Please transcribe the listing below in full, exactly as written, leaving out its pictures.

#### Given material:
*** Begin section ***

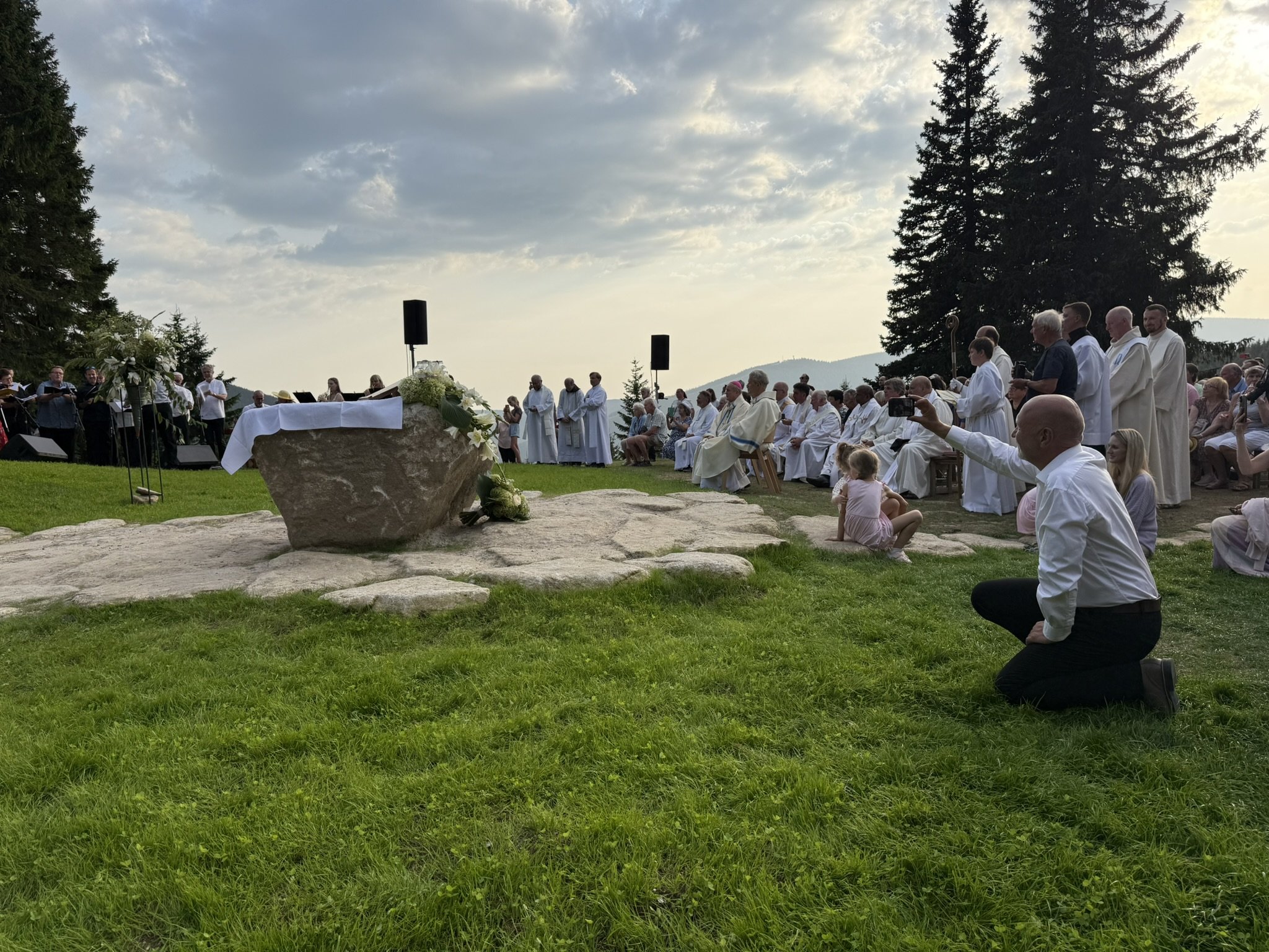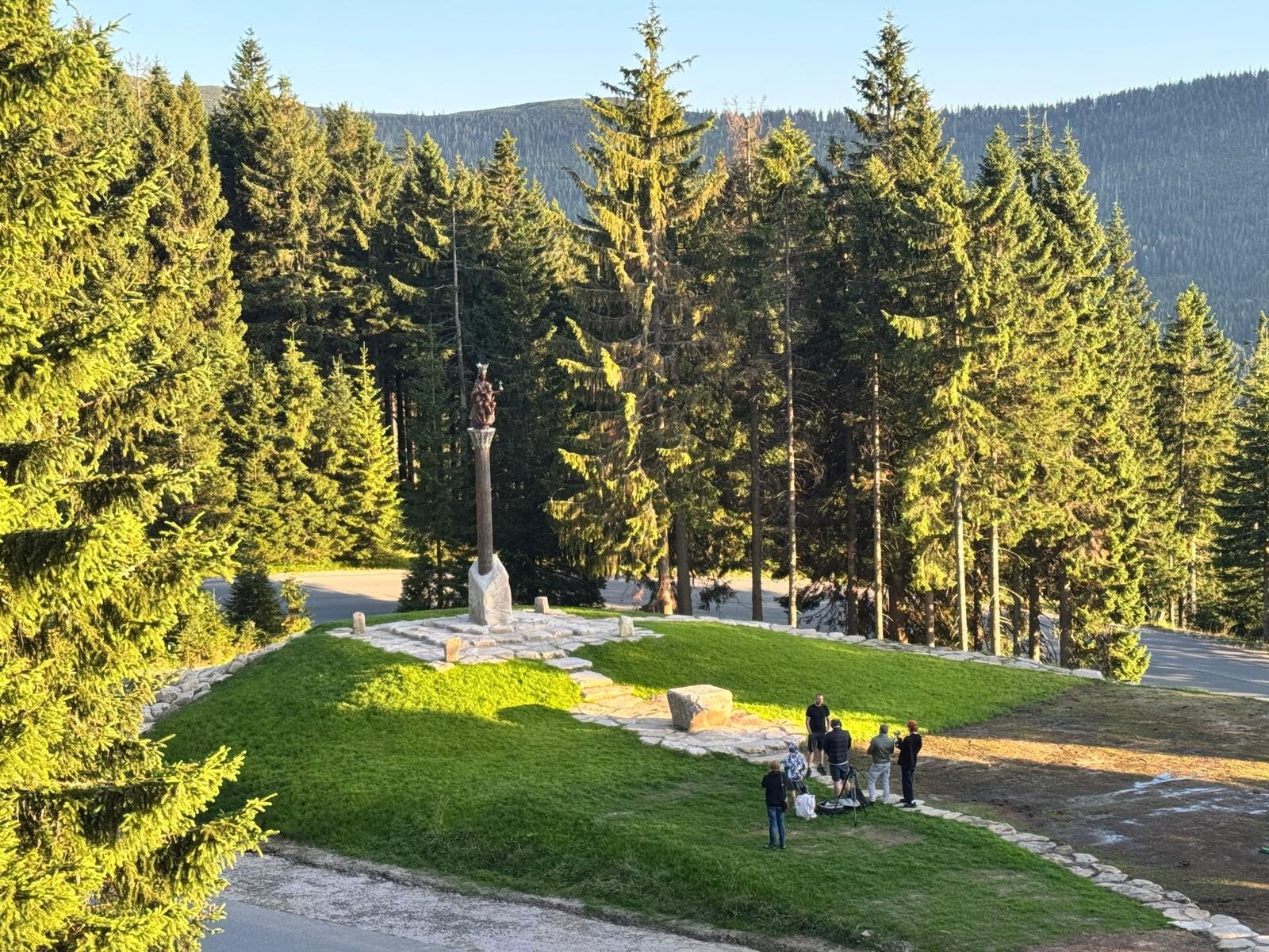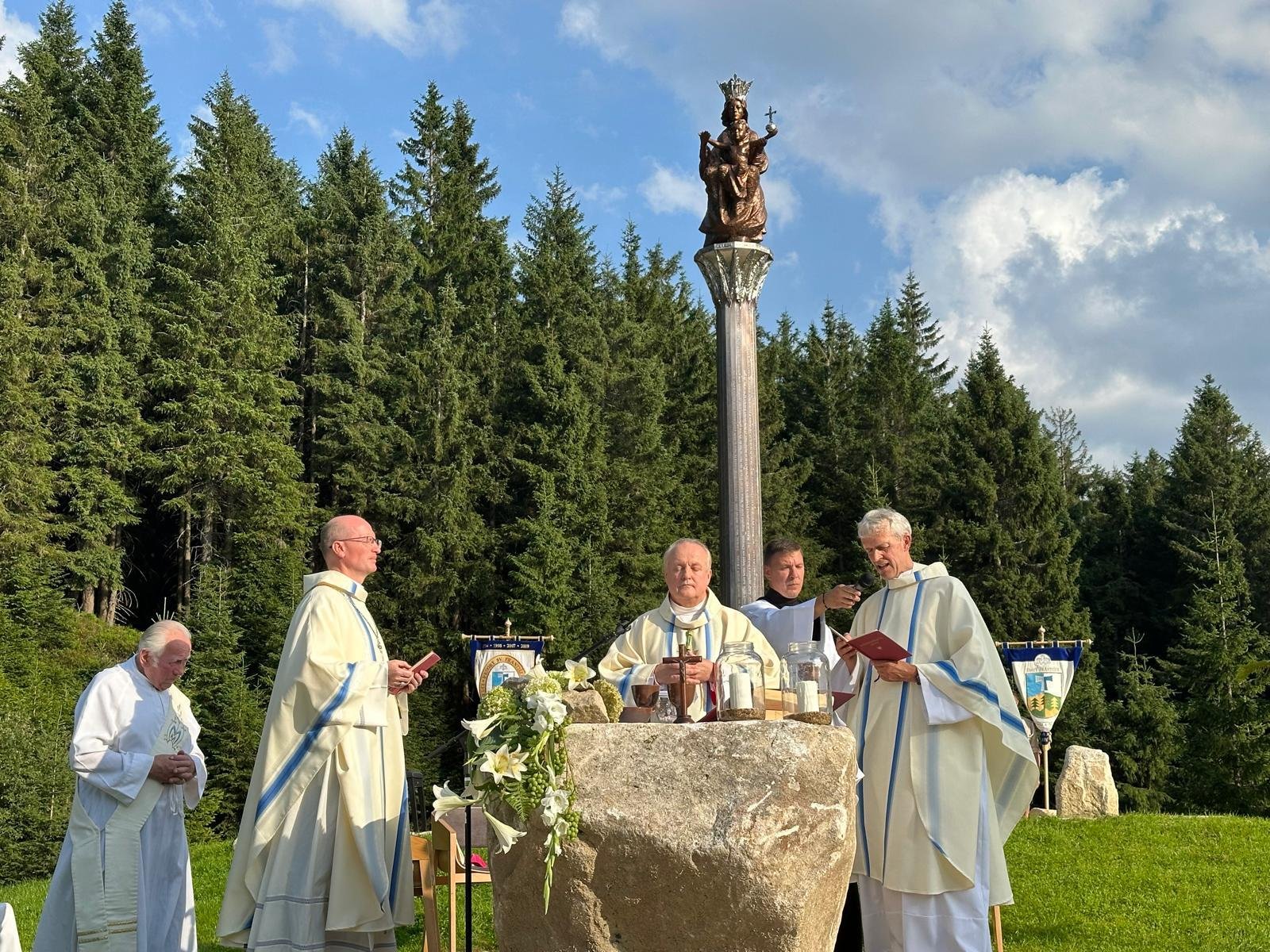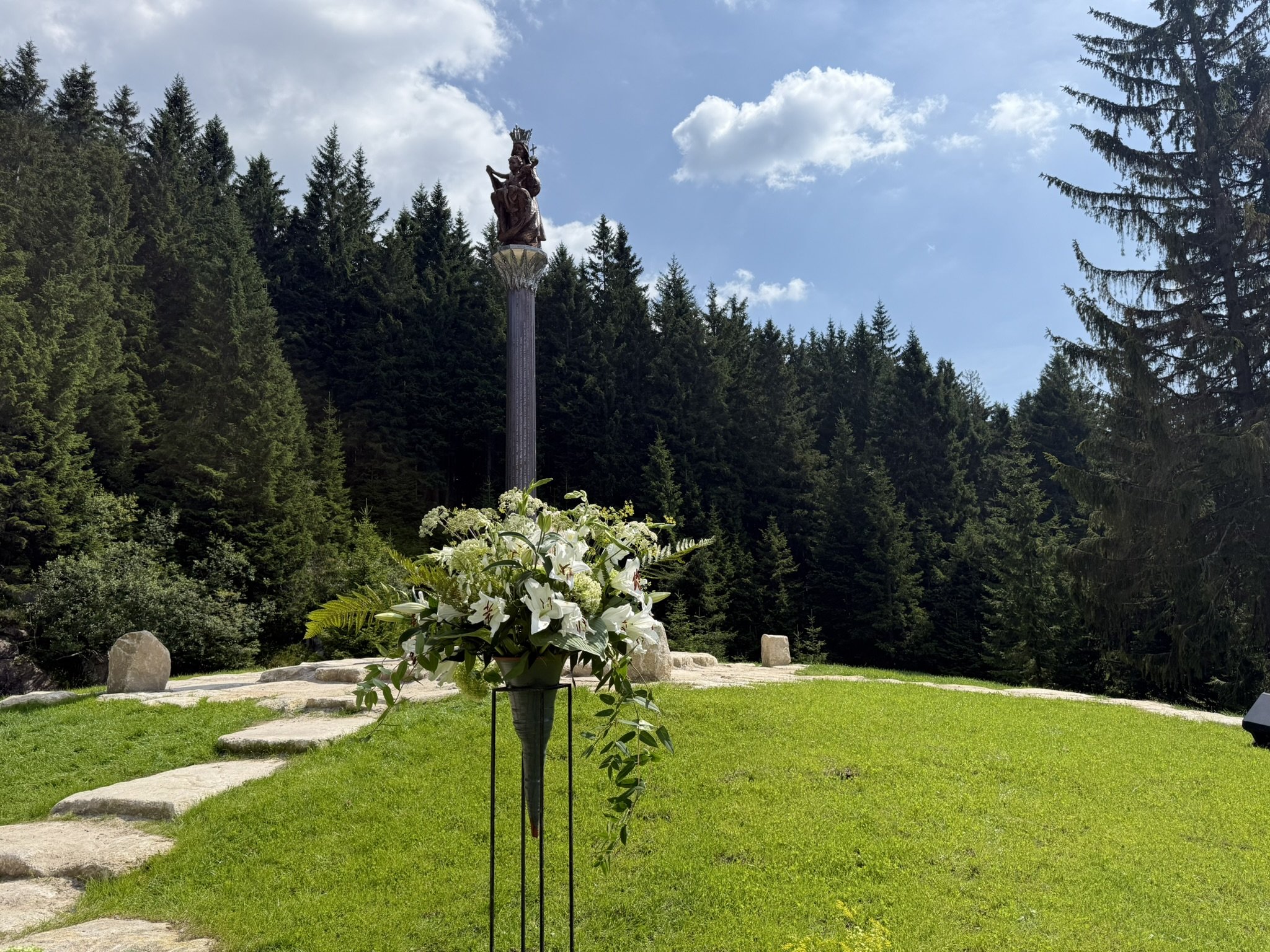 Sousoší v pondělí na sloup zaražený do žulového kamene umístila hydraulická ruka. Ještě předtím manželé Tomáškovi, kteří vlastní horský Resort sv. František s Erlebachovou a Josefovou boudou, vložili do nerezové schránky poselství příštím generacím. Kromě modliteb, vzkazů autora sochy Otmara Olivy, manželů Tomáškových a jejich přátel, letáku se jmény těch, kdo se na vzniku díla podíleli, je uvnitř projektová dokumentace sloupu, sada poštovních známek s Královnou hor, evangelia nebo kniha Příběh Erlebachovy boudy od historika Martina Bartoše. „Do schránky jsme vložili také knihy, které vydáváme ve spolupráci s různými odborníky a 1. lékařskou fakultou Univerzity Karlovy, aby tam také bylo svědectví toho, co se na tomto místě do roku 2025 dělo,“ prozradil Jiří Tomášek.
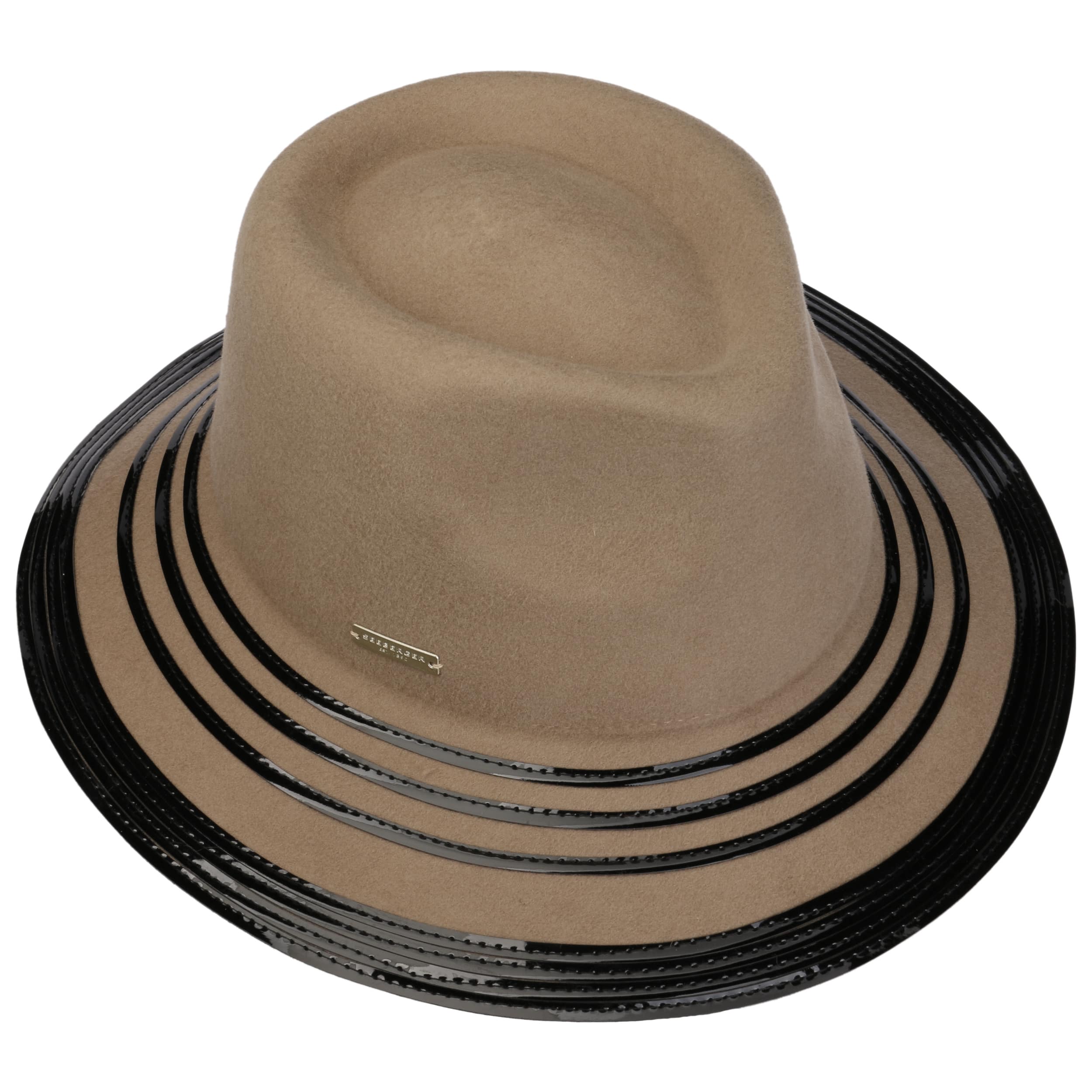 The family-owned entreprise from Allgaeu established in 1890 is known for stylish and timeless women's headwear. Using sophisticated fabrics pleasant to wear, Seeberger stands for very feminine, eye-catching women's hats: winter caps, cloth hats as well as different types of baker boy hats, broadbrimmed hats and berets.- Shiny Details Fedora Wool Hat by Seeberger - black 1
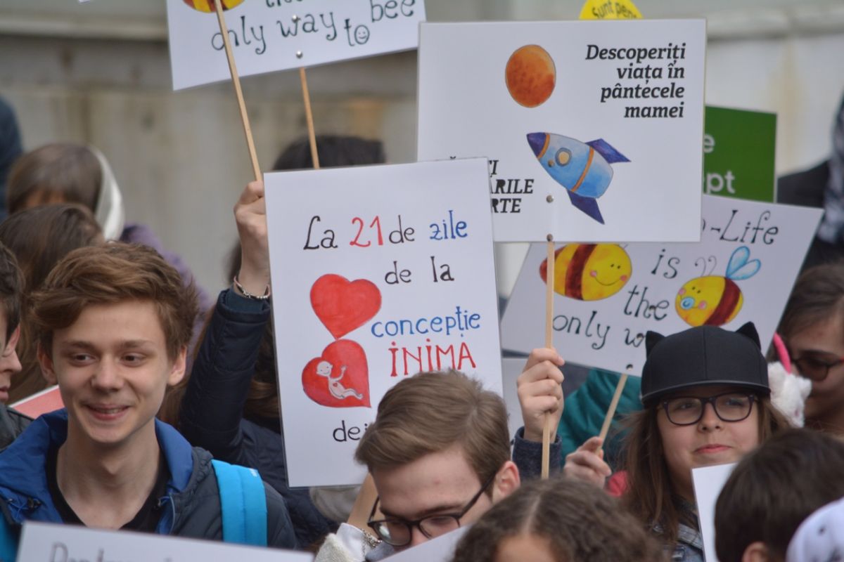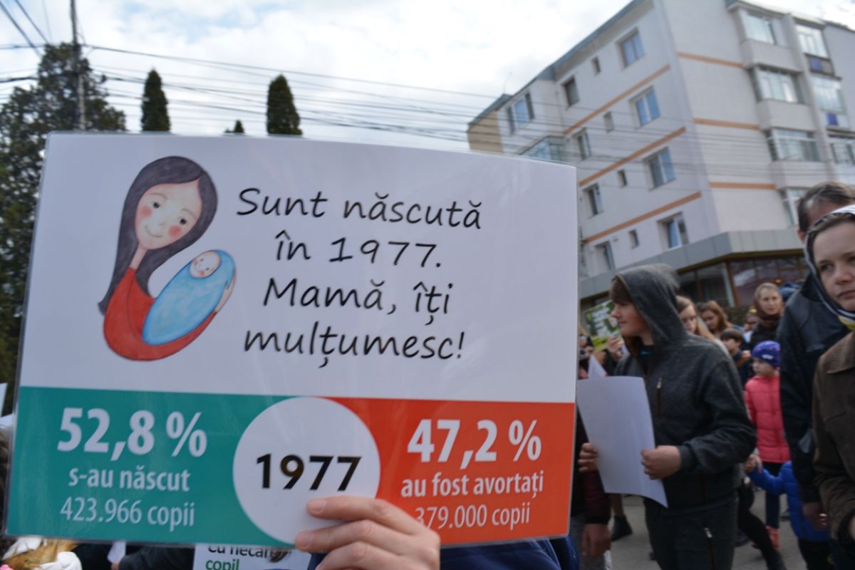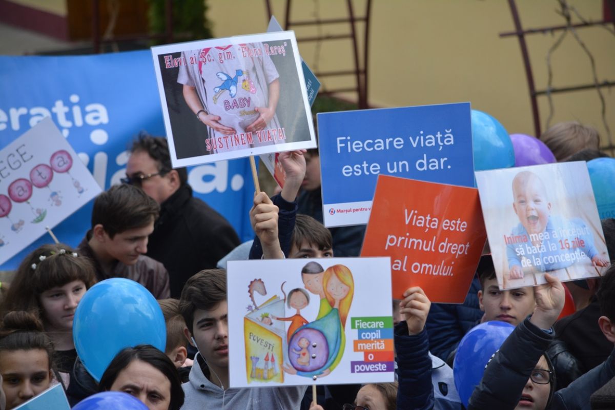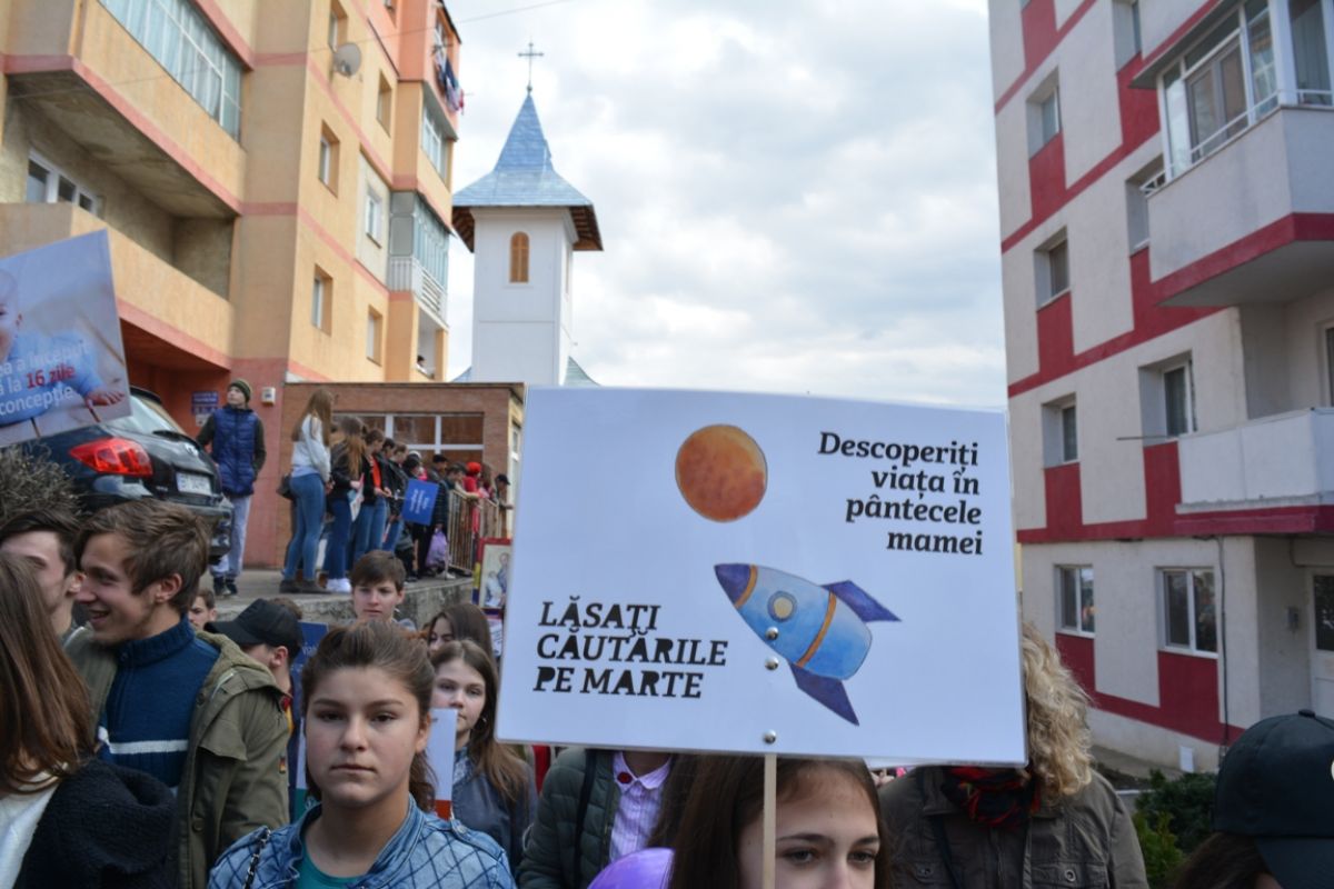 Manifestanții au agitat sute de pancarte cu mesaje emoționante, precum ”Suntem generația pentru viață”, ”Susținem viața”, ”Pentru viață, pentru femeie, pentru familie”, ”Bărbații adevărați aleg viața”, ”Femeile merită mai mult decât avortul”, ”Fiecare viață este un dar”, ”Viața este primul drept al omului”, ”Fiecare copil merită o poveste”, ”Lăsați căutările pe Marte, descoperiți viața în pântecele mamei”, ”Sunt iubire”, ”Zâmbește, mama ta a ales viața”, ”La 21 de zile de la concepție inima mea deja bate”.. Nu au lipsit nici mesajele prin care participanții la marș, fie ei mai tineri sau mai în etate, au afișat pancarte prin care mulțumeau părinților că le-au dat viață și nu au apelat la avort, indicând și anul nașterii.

*** End section ***

#### Exercise response:
 Sousoší v pondělí na sloup zaražený do žulového kamene umístila hydraulická ruka. Ještě předtím manželé Tomáškovi, kteří vlastní horský Resort sv. František s Erlebachovou a Josefovou boudou, vložili do nerezové schránky poselství příštím generacím. Kromě modliteb, vzkazů autora sochy Otmara Olivy, manželů Tomáškových a jejich přátel, letáku se jmény těch, kdo se na vzniku díla podíleli, je uvnitř projektová dokumentace sloupu, sada poštovních známek s Královnou hor, evangelia nebo kniha Příběh Erlebachovy boudy od historika Martina Bartoše. „Do schránky jsme vložili také knihy, které vydáváme ve spolupráci s různými odborníky a 1. lékařskou fakultou Univerzity Karlovy, aby tam také bylo svědectví toho, co se na tomto místě do roku 2025 dělo,“ prozradil Jiří Tomášek.
 The family-owned entreprise from Allgaeu established in 1890 is known for stylish and timeless women's headwear. Using sophisticated fabrics pleasant to wear, Seeberger stands for very feminine, eye-catching women's hats: winter caps, cloth hats as well as different types of baker boy hats, broadbrimmed hats and berets.- Shiny Details Fedora Wool Hat by Seeberger - black 1
 Manifestanții au agitat sute de pancarte cu mesaje emoționante, precum ”Suntem generația pentru viață”, ”Susținem viața”, ”Pentru viață, pentru femeie, pentru familie”, ”Bărbații adevărați aleg viața”, ”Femeile merită mai mult decât avortul”, ”Fiecare viață este un dar”, ”Viața este primul drept al omului”, ”Fiecare copil merită o poveste”, ”Lăsați căutările pe Marte, descoperiți viața în pântecele mamei”, ”Sunt iubire”, ”Zâmbește, mama ta a ales viața”, ”La 21 de zile de la concepție inima mea deja bate”.. Nu au lipsit nici mesajele prin care participanții la marș, fie ei mai tineri sau mai în etate, au afișat pancarte prin care mulțumeau părinților că le-au dat viață și nu au apelat la avort, indicând și anul nașterii.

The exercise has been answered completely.